阳光通过玻璃窗,洒在采购科办公室里,温暖又有几分刺眼。
周大国背对着光,摸出盒没打开的烟,正红底色上面印着粉白色大牡丹。
林德强当即皱起眉头。
省中华,县牡丹,一般干部迎春烟。
这玩意贵倒是不贵,有票也就五六毛钱,问题是镇上供销社根本没有,县里供销社也很少见。
都是内部消化,烟票更是难以弄到,几乎不对外流通。
属于内部烟,拿出来就是身份地位的像征。
“小张同志,尝尝。”周大国滋啦一声将烟打开,又把煤油打火机放在烟盒上,轻轻往前一推,笑容真挚。
似乎根本没意识到,对方可能不认识,不会使用。
容易当场露怯。
林德强抬手就要拦下来。
立威立到他面前了?
拿这玩意压人,让小舅子出丑,当自己不存在呢?
“林科长,来,喝水。
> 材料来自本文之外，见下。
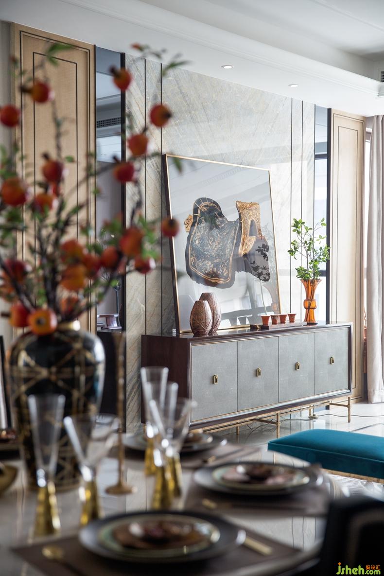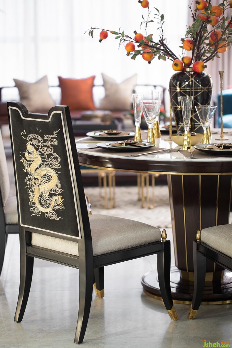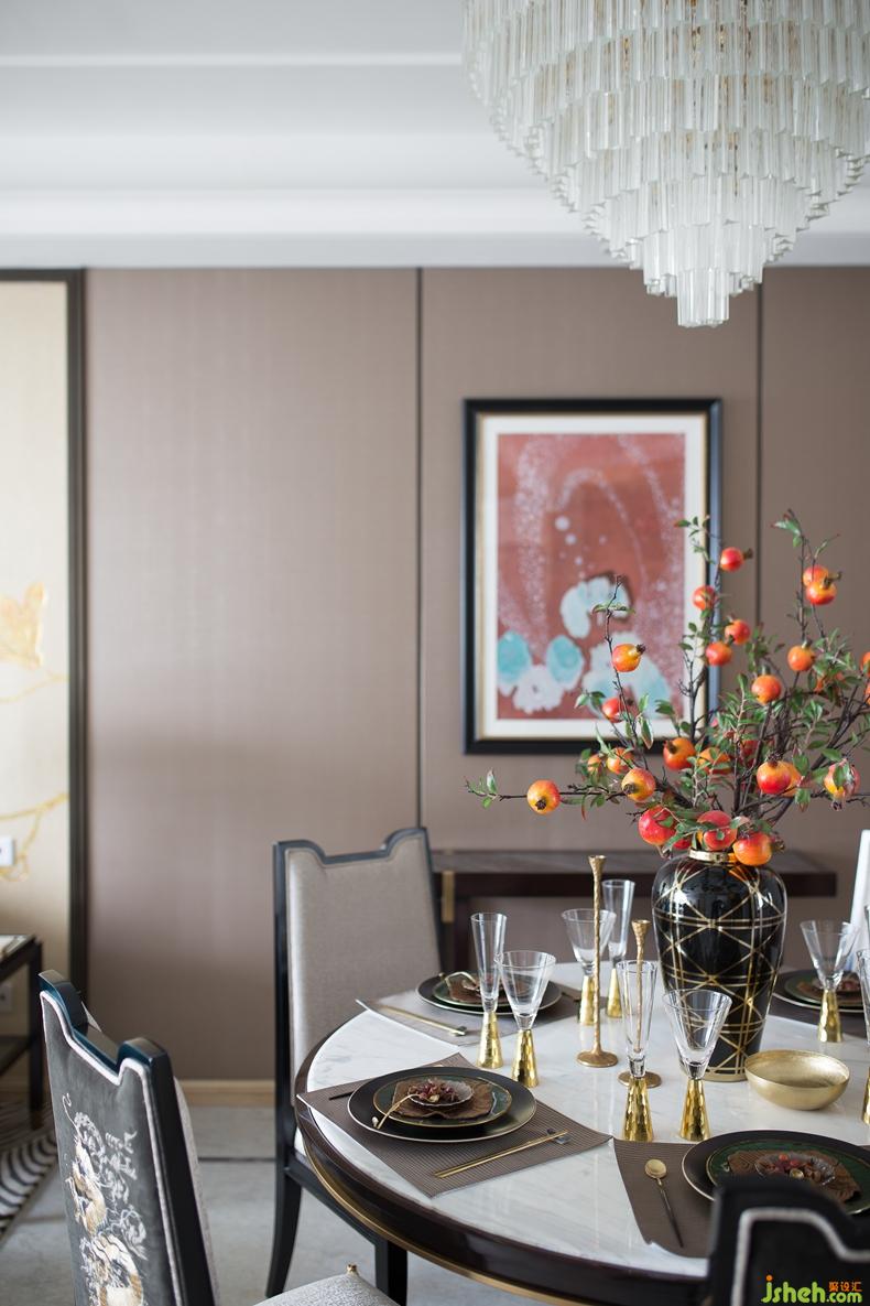 餐廳實木絲質軟包座椅,絲線刺繡織物椅背,形制講究的餐具、掛畫、花藝放置周圍,在精雕細琢的細節(jié)里,在濃郁的文化浸潤中,自然而然的傳達于環(huán)境,豐富居者的視覺感受,亦締造府的風雅世界。

”
周大国不动声色将茶缸子递过去,用眼神示意。
国营农机厂采购科长,能低三下四求人办事么?
昨儿个丢了面子,今儿个找回来理所应当,他已经够温和了,换成别人,可没这么简单完事。
林德强反手按住周大国拿茶缸子的手,目光寸步不让。
你的面子是面子,我们的就不是?
有啥意见直接说出来,整这些虚头巴脑的干啥?
“上海来的稀罕货,我乡下人抽不惯。”
张文山往椅背上一靠,看着两个人眼神交锋,主动开口打破沉默,顺手从兜里摸出刚买的大前门。
周大国那点心思,不难看穿。
八十年代,农机厂还攥着工业末路的辉煌,订单不用跑,全是上面派,下面求。
采购科更是横着走。
他这个科长,要派头,要面子,用你是给你脸,再加之昨天赤松屯丢了面子,今天摆明了要找补敲打。
桌上这两样东西。
你不认识,不会用,人家正好点拨两句,认识更好。
不用一句话,权力,门路,地位,全摆出来,懂点事自然就该服软认怂。
可惜,他不是这个时代的人,更加清楚未来农机厂的情况。
“你认识?”林德强有些意外。
“姐夫,我又不瞎?”
“这……”林德强不由得语塞。
他还能不知道烟盒上写着产地,问题在于,认识就应该知道牡丹烟代表着什么,咋跟没事人似的。
愣装不懂?
不怕把人得罪死了?
不等他回过神,张文山往前一探身,拿起打火机。
银灰色壳子不算新,却擦得锃亮,边缘磨出一圈温润暗光,正面刻着一枝寒梅。
拇指贴在盖子边缘,轻轻向上一挑。
“啪!”
一声脆响回荡在办公室内,打火机盖子瞬间弹开。
林德强和周大国不约而同愣住。
张文山指尖搭在砂轮上,轻轻一蹭,橙黄色火苗嗖的窜起。
“棉芯碳化有点严重,火石也磨得差不多了。”
他说着将手腕一抖,打火机重新合上。
“机壳也有点松,密封性不太好,揣在身上容易漏一兜煤油味。”
换做普通人,可能对于煤油打火机了解有限,颇具敬畏,毕竟是个稀罕东西。
可他上辈子是荒野求生主播,早就玩透了。
老实说,手里的国产打火机做工,用料,质量都一般。
真不算好东西。
看着重新回到面前的牡丹烟和打火机,周大国瞬间僵住。
本想着压对方一头,哪曾想人家根本没当回事,张口就挑出一堆毛病,自己反倒是丢人现眼了。
林德强更是忍不住问道:“你还懂打火机?”
“咱厂里又不是没有,运输队那几个见天显摆。”张文山将早就准备好的理由说出来。
“倒也是。”
林德强想了想,认同地的点点头。
周大国却嘴角微微抽搐。
运输队那几个人,抠得跟什么似的,怎么可能把打火机随便给人玩?
张文山那手法,毛病一清二楚,明显熟得不能再熟,肯定没少摆弄。
难不成这小子还有别的门路?
最主要的是,对牡丹烟和打火机满不在乎,等同于不在乎自己的下马威。
通过孔庆东一事,他不觉得张文山是个笨人,看不懂他的意思,所以才会用这种手法立威。
所以,他不介意得罪自己这个采购科长。
又或者……
周大国浑身一颤,下意识坐直。
除非他知道农机厂将要改革,还看出分地之后,国营厂采购地位将会飞快下降。
可不应该呀!
自己还是因为切身相关,又有人提点才察觉到。
“他们闲着没事就爱显摆。”周大国飞快收敛心神,打了个哈哈岔开话题,“关于招待南方考察团,你有什么看法?”